Quantitative Detection of Promoter Hypermethylation of Multiple Genes in the Tumor, Urine, and Serum DNA of Patients with Renal Cancer

Approximately 30,000 new cases of renal cancer are reported each year in the United States, with ∼12,000 individuals dying annually from this disease (1). Identification of patients with organ-confined renal carcinoma may be of importance for long-term disease-free survival after radical or partial nephrectomy (2). The specific clinical signs and symptoms of malignant renal disease are not usually helpful in making an early diagnosis. The classic triad of pain, hematuria, and a palpable flank mass is encountered in only 10% of patients and is usually associated with the presence of advanced disease (3). Unlike other solid malignancies in which established serum or urinary biomarkers are available for early detection, relatively few diagnostic tools are available for the early detection of renal tumors. Although the increased use of radiographic imaging modalities, such as computed tomography and ultrasound, has aided in disease diagnosis, an ideal tumor marker with high sensitivity and specificity offers the ideal opportunity for early detection of renal carcinoma.

Epigenetic alterations, including changes in the status of DNA methylation, are one of the most common molecular alterations in human neoplasia (3, 4, 5, 6, 7), including renal cancer (8, 9, 10, 11, 12, 13). Cytosine methylation occurs after DNA synthesis by enzymatic transfer of a methyl group from the methyl donor S-adenosylmethionine to the carbon-5 position of cytosine. Cytosines are methylated in the human genome almost exclusively when located 5′ to a guanosine. Regions with a high G:C content (so-called CpG islands) are mostly unmethylated in normal tissue but may be methylated to varying degrees in human cancers, thus representing tumor-specific alterations (14, 15). The presence of abnormally high DNA concentrations in the serum and urine of patients with various malignant diseases has been confirmed during the past decade (16, 17, 18). Some studies recently have reported DNA in the serum and urine of renal cancer patients at diagnosis (19, 20). We have reported the presence of methylated DNA in the bodily fluids of patients with various types of malignancies and the absence of methylated DNA in normal control patients (21, 22, 23). To date, most studies detecting hypermethylation rely on conventional methylation-specific PCR (MSP), a sensitive but not quantitative assay. The major advantage of using quantitative methylation-specific PCR (QMSP) is based on the ability to define a cutoff point between cancer and control groups.

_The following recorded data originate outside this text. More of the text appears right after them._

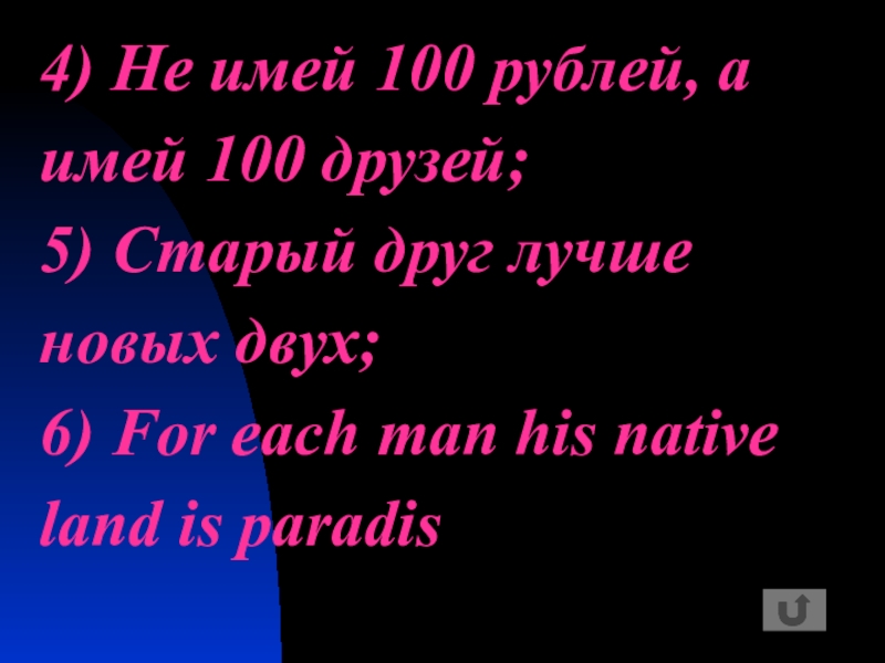 4) Не имей 100 рублей, а имей 100 друзей; 5) Старый друг лучше новых двух; 6) For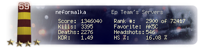 | Kills | 3395 | Deaths | 2276 | Kill / Death | 1.49 |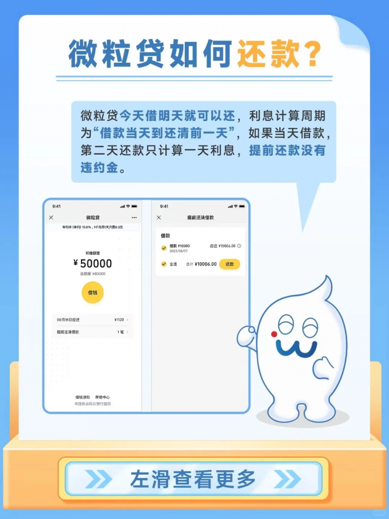 提前还款:微粒贷支持提前还款,最快可在借款次日提前还清,按日计息,且不收取任何违约金。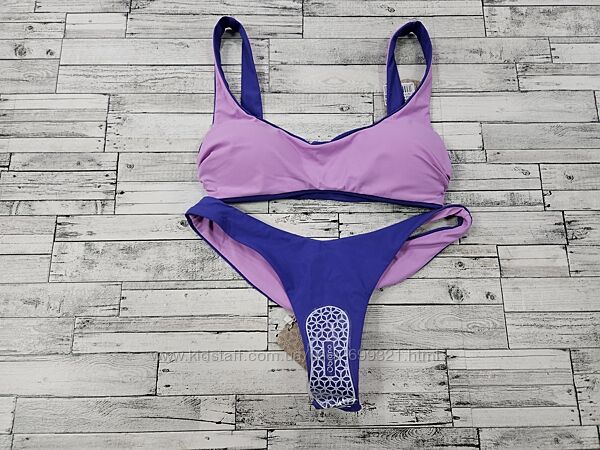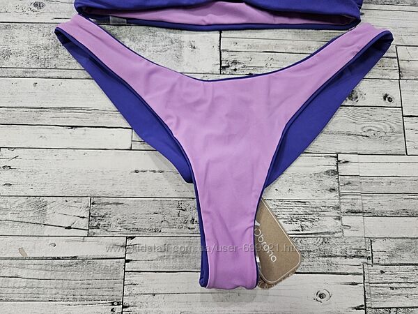 Двосторонній купальний костюм, що складається з майки-топа та двосторонніх плавок бразиліана із низькою лінією талії.Двостороння майка-топ для дівчат з невеликим та середнім розміром грудей:

We evaluated the diagnostic potential of DNA methylation-based markers in pretherapeutic urine and serum DNA from renal cancer patients. Using QMSP, we analyzed the promoter hypermethylation pattern of 9 cancer-related genes in 17 renal cell carcinomas with matched urine and serum DNA. Nine additional (total, 26 urine sediments) urine sediments and 1 serum sample (total, 18 serum samples) from renal cancer patients without matched tumor tissue also were examined. Ninety-one urine samples from patients without genitourinary cancer and 30 serum samples from patients without cancer served as controls.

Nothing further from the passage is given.